I did not know what.

Only that I needed to check it.

And before I had even sat up, it was already there.

The idea.

The presence.

The question.

Not an image.

Not a memory.

Something worse.

The feeling that part of me had been awake much longer.

Waiting.

Later, while brushing my teeth, it happened again.

I watched the foam gathering in the sink.

A completely useless observation.

And suddenly I caught myself wondering what he would think about my ridiculous habit of letting the water run too long.

It makes no sense.

He was not there.

He has never seen that sink.

And yet he appeared.

The way he always does.

Not as a person.

As a standard.

As a method of measuring things.

Sometimes I think that is what embarrasses me most.

Not that he occupies my thoughts.

But that he has begun to occupy the tools I use to think.

A few days ago I saw a stranger waiting for a bus.

She was carrying a yellow shopping bag.

That was all.

Nothing remarkable happened.

And yet I kept watching her because she seemed to be waiting with a strange kind of patience.

A motionless patience.

And while watching her I thought about him.

Not because they resembled one another.

Not because there was any connection.

My mind simply decided there was.

As if it no longer required reasons.

As if the obsession had learned to feed itself.

The more I think about it the less I understand it.

The less I understand it the more space it occupies.

The more space it occupies the harder it becomes to move away from it.

And the harder it becomes to move away from it the more embarrassed I feel.

Entire afternoons are built from details like these.

An empty cup forgotten on a table.

A video about restoring antique watches.

A man crossing a street while carrying a closed umbrella.

The shadow of a plant moving across a wall.

None of it is related.

And yet everything eventually becomes connected.

As if there were an invisible network beneath ordinary things.

And he were always waiting at the other end.

Sometimes I try to call it sadness.

But it is not sadness.

Sadness has direction.

Sadness points toward something.

This does not.

This feels more like a silent occupation.

A presence that remains after emotions disappear.

In fact, it remains when everything else has already left.

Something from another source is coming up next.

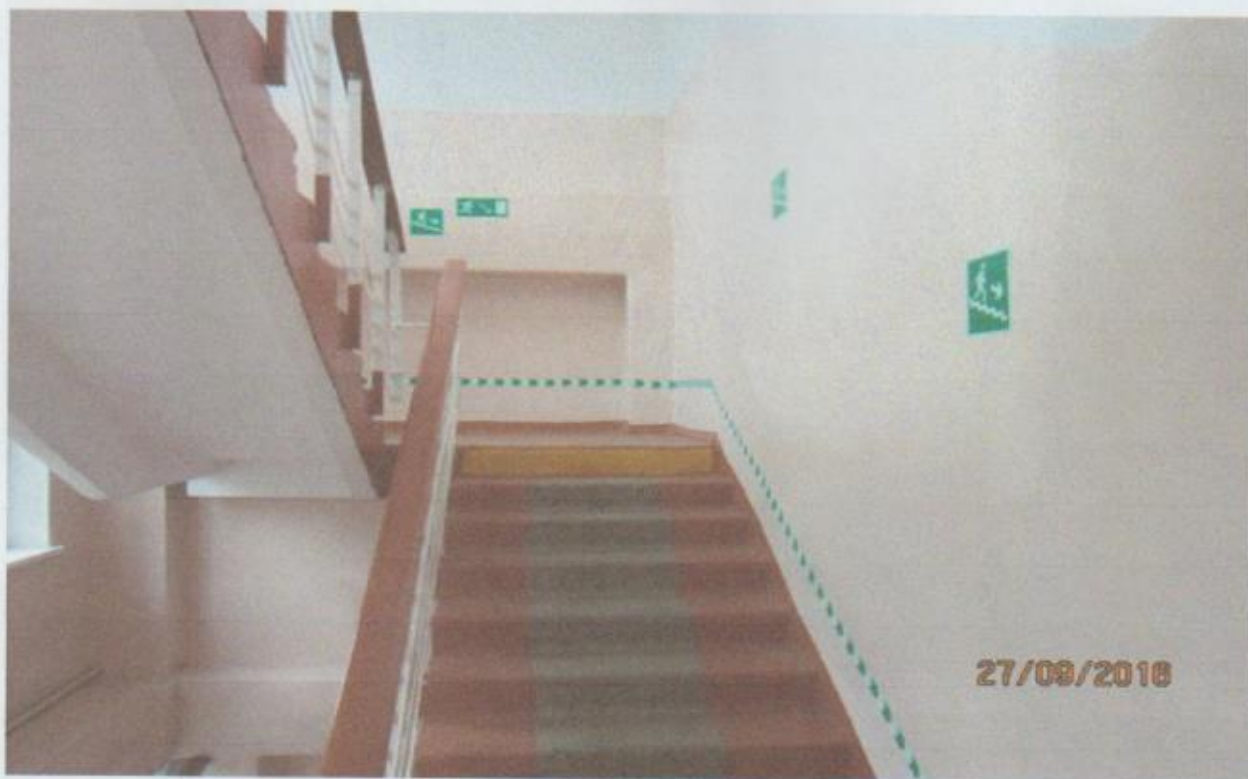
Фото № 3 Пути (путей) движения внутри здания (в т.ч. путей эвакуации)

Perhaps that is why time does not help.

Time should erode.

It should wear things down.

It should reduce them.

Instead the opposite happens.

Time seems to give it more space.

More rooms.

More corridors.

More places to appear.

And sometimes I remember a line associated with the Marquis de Sade.

Not the excesses.

Not the theories.

Something much simpler.

The idea that certain human forces do not weaken when resisted.

They become refined.

And then I remember that circular mark.

It has almost vanished now.

Only a shadow remains.

An uncertain outline.

Probably nobody else would notice it.

I do.

Because I keep looking for it.

Because I keep checking whether it is still there.

Because I still move closer to the mirror with the absurd hope of finding that it has disappeared completely.

And because part of me feels disappointed whenever it looks fainter.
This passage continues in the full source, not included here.